My Mom and brother say we should name him Shadowroo(roo as in kangaroo because he hops) lol. He's now bugging Junior... a lot. He'll follow behind him so close that if Junior sits he has to sit on TOP of Jellybean!

He's still not going into his crate. I tried putting him in and praising. He did go in it for a second this morning. Only- I said good boy in a happy voice and he came to me. He seems to take good boy as come to me! I think in time he'll get to like it though. 

So, which name do you guys think?
Shadow/Shadowroo or Jellybean?
We're having a family debate in my house! Two against two.


----------



## gelbergirl (Jun 9, 2007)

I like JellyBean, it is so cute, you can always nickname him JellyBean the Shadowroo, or JBS !
He really is just wonderful, glad he's so comfortable!


----------



## Pipersmom (Jul 27, 2009)

Welcome to you and Jellybean, what a cutie!

I love the name Jellybean.


----------



## Tony & Milo (Nov 25, 2010)

He is so cute! Love the name.


----------



## The Laughing Magpie (Aug 20, 2009)

Oh is he cute and so is your poodle. I love the name Jelly Bean. We bought a lot of pink toys just for Misty and of course Yogi took them all. Today Misty plays with whatever she wants even Yogi's favorite plastic duck. Yogi and Misty also hide their favorite toys under their pillows so don't be surprised if one day you find your pup has a secret stash.


----------



## Anthea (Jan 12, 2011)

We went to the vet yesterday. He is now offically Jellybean.
It was.. amusing at times! When the vet held him to check his heart(she held him just off the table by the chest) he moved his legs as if he was running VERY fast yet he wasn't.
He didn't stop until I put my hand on his head and gave him a pat.
He did NOT like the vet. At times Jellybean made it sound like they were killing him even though they weren't! 

We only need one more booster shot then we're done with all his puppy shots. He got his rabies shot yesterday. I'm glad we didn't have to go through all the puppy shots. 

Jellybean has now figured out what toys are for . Yesterday night was the first time I actually saw him playing with toys. He's a funny little dude. It's amazing how fast I've grown to love him!


----------



## Kathie (Jul 31, 2008)

He sure is tiny for his age, isn't he? What did he weigh at the vet's office?

It is fun watching them play with their toys, isn't it?


----------



## Anthea (Jan 12, 2011)

He weighed 3 pounds 1 ounce at the vet. That was one question I meant to ask: what is the average weight for a 12 week havanese puppy?

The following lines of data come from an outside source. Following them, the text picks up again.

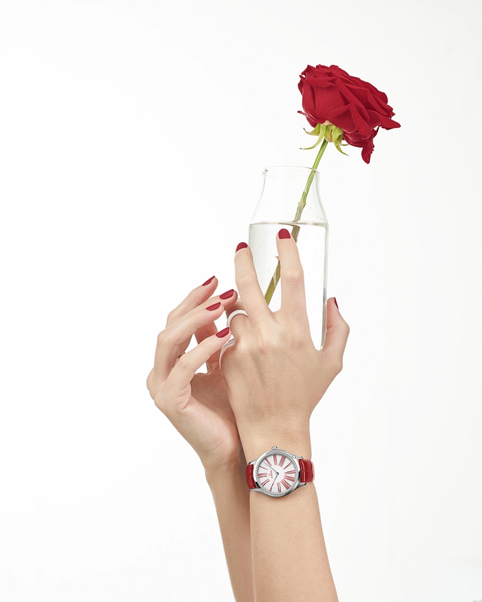 Voor dit model is de slanke kast van 36 mm gemaakt van roestvrij staal en voorzien van 38 enkelgeslepen diamanten, die op elegante wijze langs de zijkanten zijn bezet. De gelakte witte wijzerplaat wordt omringd door in rood afgewerkte Romeinse cijfers, terwijl de kroon één diamant bevat, dit keer omringd door een rode keramische bloem gemaakt van vijf Omega logo’s.
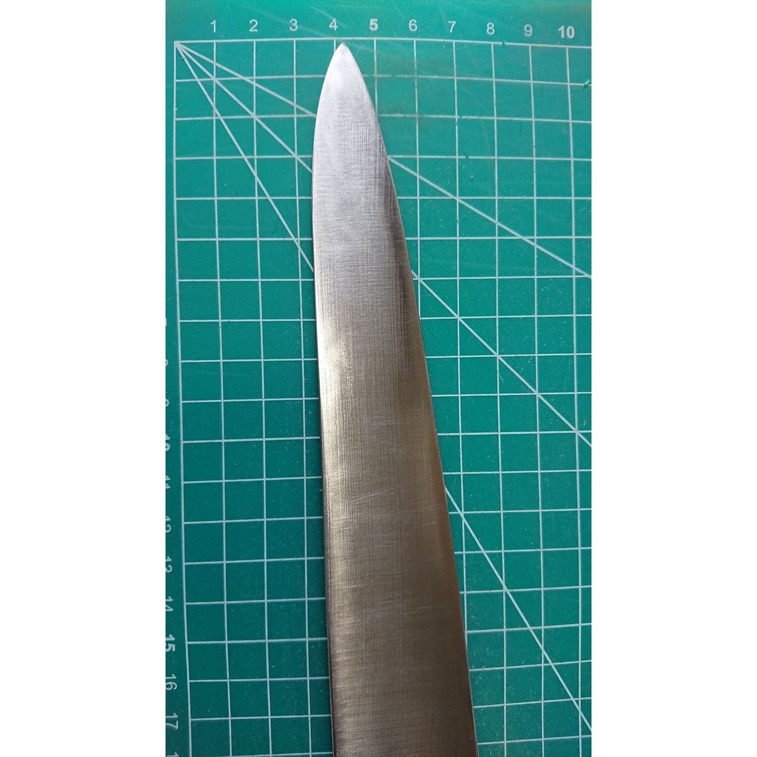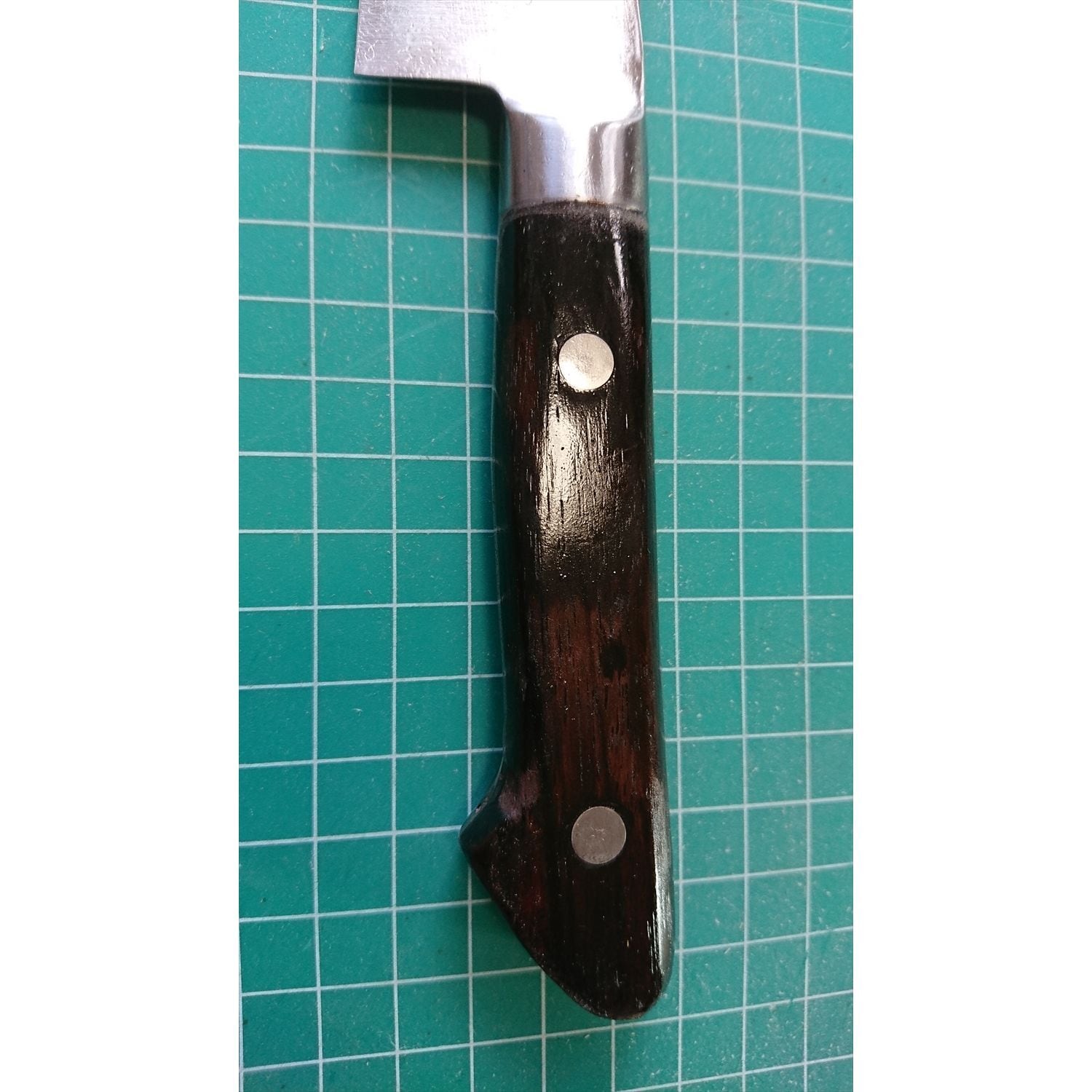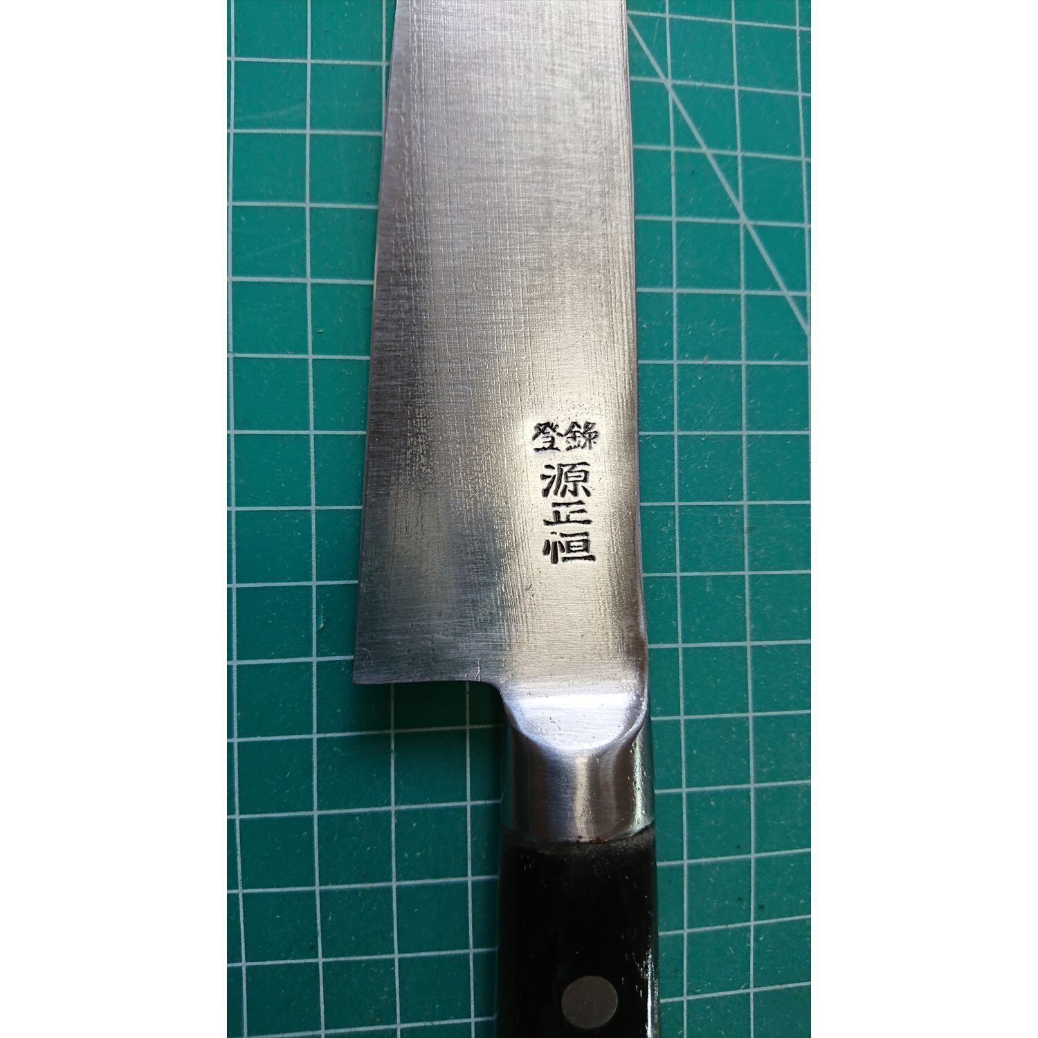 1. o2327/銘:源正恒/牛刀(両刃 右利き・左利き兼用)/刃長:200/峰厚 アゴ上:1.5/重量:92/作り:鋼/他:柄はオーバーホール済み(リベットは新品交換済み)。ツバの根元から柄全体にかけて樹脂コーティング済み(防サビの為)
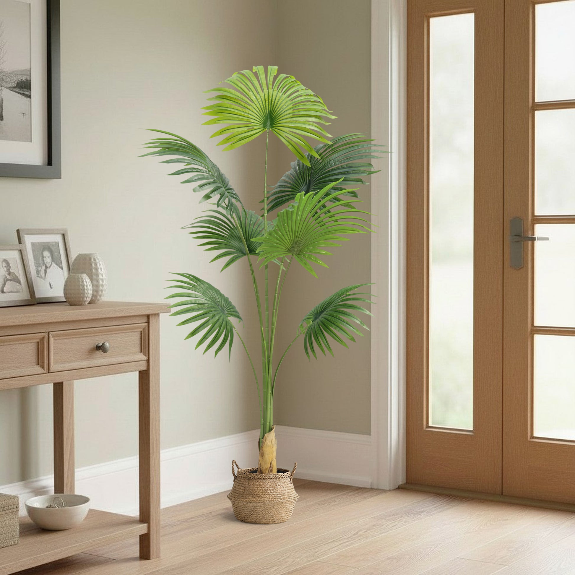 Die Fächerblätter überzeugen durch ihre natürliche Form, sanfte Farbverläufe und eine realistische Blattstruktur. Unterschiedlich ausgerichtete Wedel sorgen für Tiefe und Volumen, sodass die Palme aus jedem Blickwinkel lebendig wirkt. Je nach Ausrichtung erreicht sie einen Durchmesser von ca. 70 cm und lässt sich individuell in Szene setzen.
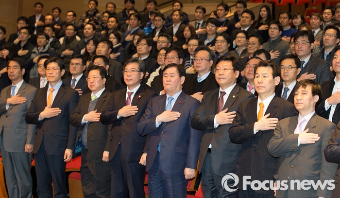 (세종=포커스뉴스) 최경환 경제부총리 겸 기획재정부장관이 12일 오후 세종시 정부세종청사 대강당에서 열린 이임식에서 국기에 대한 경례를 하고 있다.
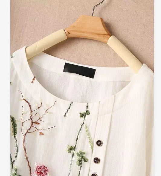 New Autumn Shirts Women's Loose Cotton Hemp Pullover Embroidered Round Neck Top Large Pullover White ShirtRegular price $22.99 USDRegular priceUnit price per$28.99 USDSale price $22.99 USDSale
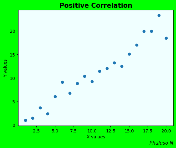 Correlation shows how strongly related 2 values are; in statistics, it is expressed numerically by the correlation coefficient(r). A positive correlation means that 2 values increase and decrease at the same time, and a negative correlation means that when one variable is increasing, the other is decreasing and vice versa. However, just because 2 events are correlated, doesn’t mean one caused the other.
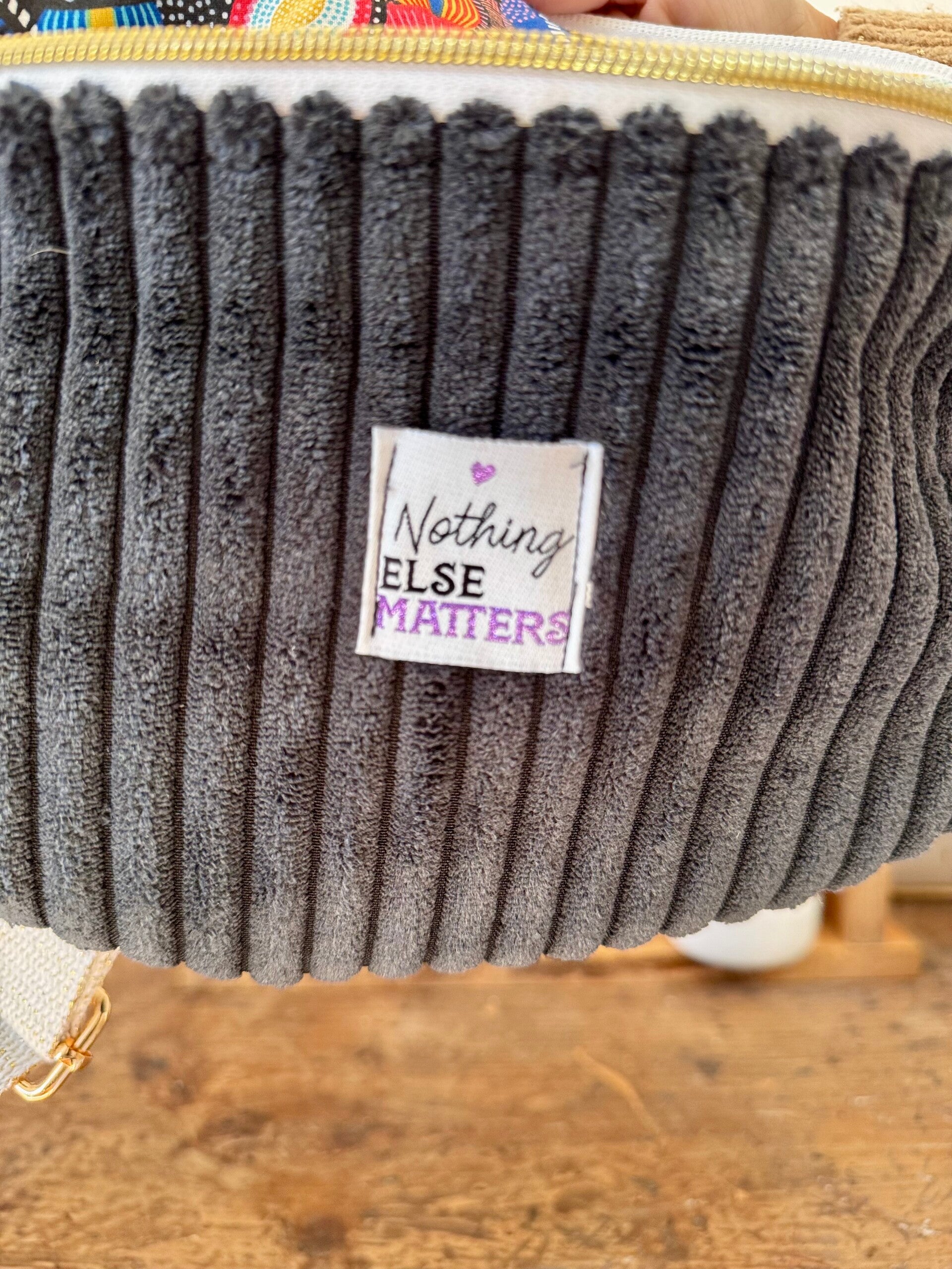 Grand sac banane fait main en velours côtelé large noir avec son étiquette "Nothing Else Matters"
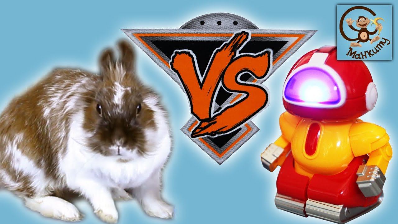 Игрушки роботы против настоящий домашний кролик. МанкиИгрушки
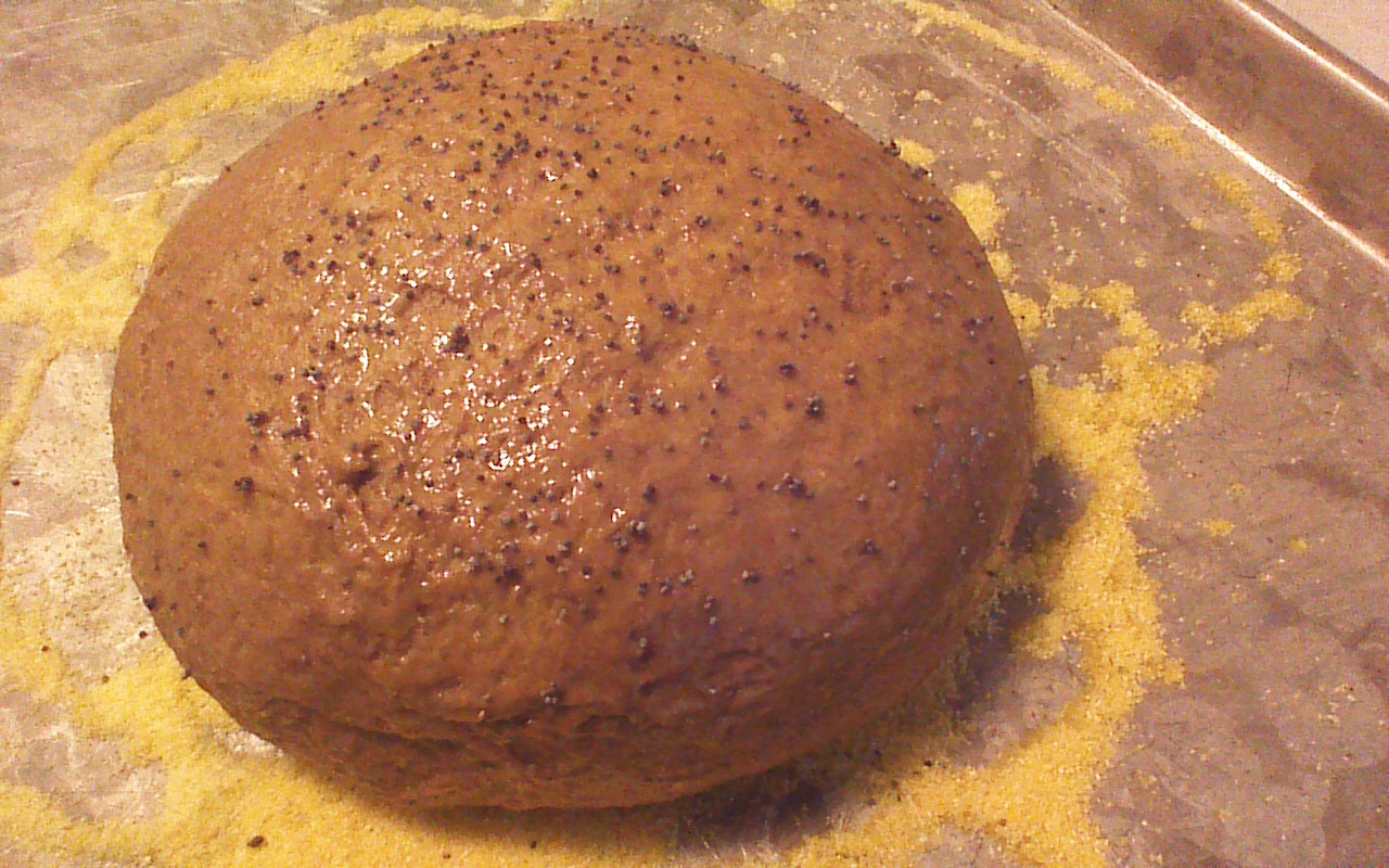 Step 9) Brush the top and sides of your dough with a lightly beaten egg yolk.  If you don’t have a pastry brush, just blot the egg yolk onto the dough with a napkin.  If you wish, you may now sprinkle the dough lightly with a “garnish.”  Ideas include quinoa, poppy seeds, sesame seeds, or even a bit of cinnamon.  I’ve sprinkled a few poppy seeds on the loaf pictured here.  Also if you wish, you may gently score the top of the loaf with a serrated knife.  This will make your loaf look all fancy schmancy, but don’t get carried away – I don’t recommend more than 2 or 3 knife marks, and don’t cut any deeper than 1/2 inch.
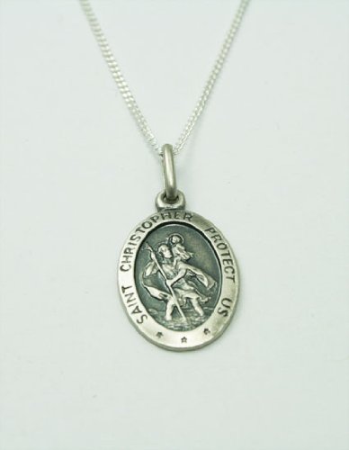A delicate St Christopher Protect Us pendant in an unusual oval shape and in an antiqued finish. Available with a sterling silver 16 or 18 " pendant chain. Comes in a jewellery presentation box with matching gift bags available as an extra option. Size: 17mm x 12mm (excluding loop at top of pendant)
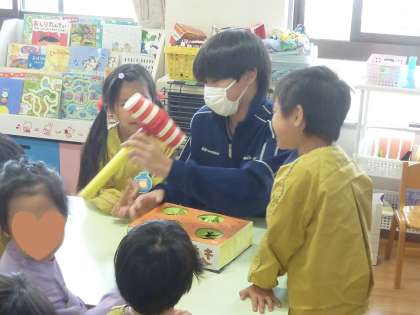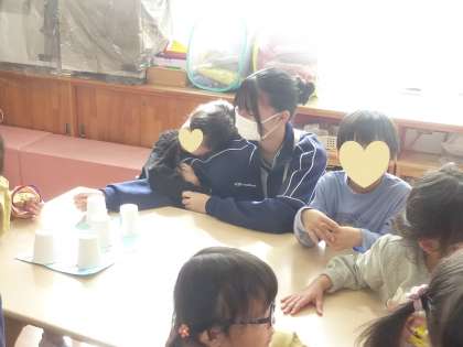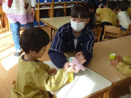 3年2組奥田保育園訪問 その1 公開日 2023/10/24 更新日 2023/10/24 3学年 10月23日(月)10:00 本日、技術・家庭科の保育園訪問を4年ぶりに実施しました。 まずはじめに夏休み中に製作したおもちゃを紹介した後、互いに楽しく触れ合いました。
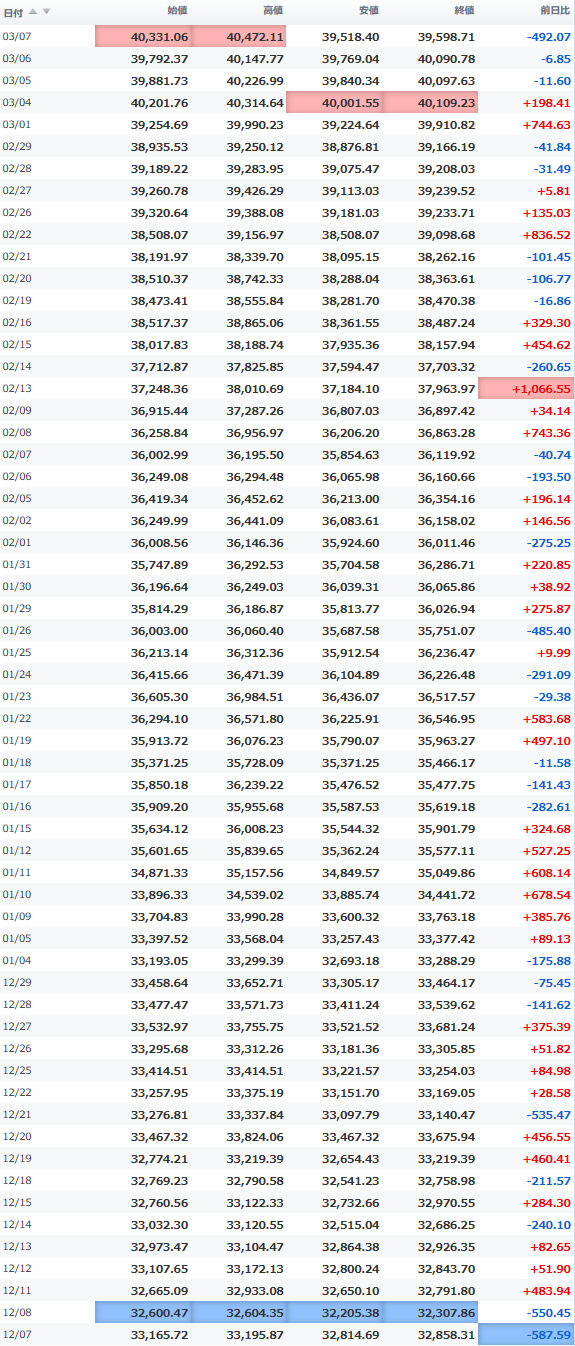 安値 40,300
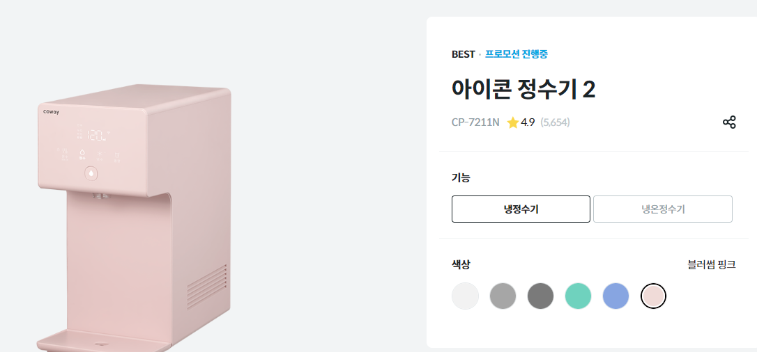 아이콘정수기 1도 있었는데 업그레이드되어 출시된 지 얼마 안 된 아이콘정수기 2를 선택했습니다.
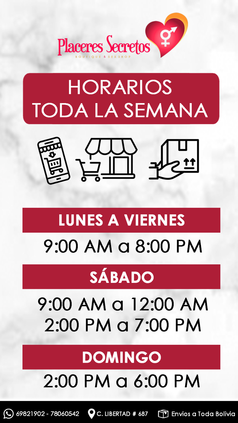 Placeres Secretos es una tienda virtual (alojada en la web); y cuenta con una tienda física en la ciudad de Santa Cruz de la Sierra, desde donde se despacha pedidos para toda Bolivia.
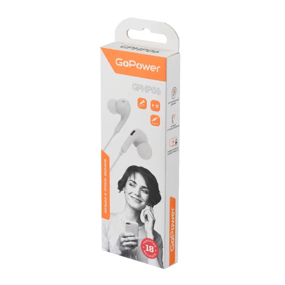 Наушники GoPower GPHP06 Наушники внутриканальные GoPower GPHP06 белый 00-00022771
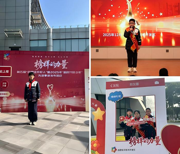 冬日的阳光温暖而明亮,映照出少年们昂扬向上的身影。在第五届合肥经开好人暨2025年合肥经开区“新时代好少年”先进事迹发布活动现场,喜讯传来——合肥一六八玫瑰园学校卜骏毅、周语桐、刘夏弘毅、张若言四位同学凭借优异表现,成功获评区级“新时代好少年”荣誉称号,用实际行动诠释了新时代少年的责任与担当,为学校再添光彩。
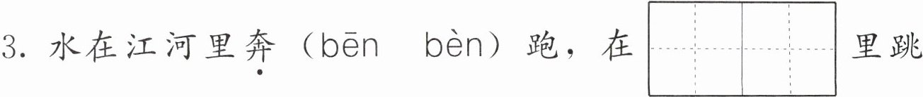 3. 水在江河里奔(bēn bèn)跑,在$\begin{array}{|c|c|}\hline hǎi & yáng \\ \hline \end{array}\\ \hline $里跳舞,唱歌,开大会。

Jellybean is the runt of the litter. He's eating great and the vet didn't say anything about it so I'm not really worried about him. Should I be?


----------



## inlovewithhav (Feb 18, 2011)

oh he is adorable!!! Kipper just had his 12 week check up and is 5 lbs-basically doubled since his 9 week check up when we got him. I think it depends a lot of the parents but if your vet doesn't see any issues he is doing great.


----------



## Dalmane (Oct 4, 2010)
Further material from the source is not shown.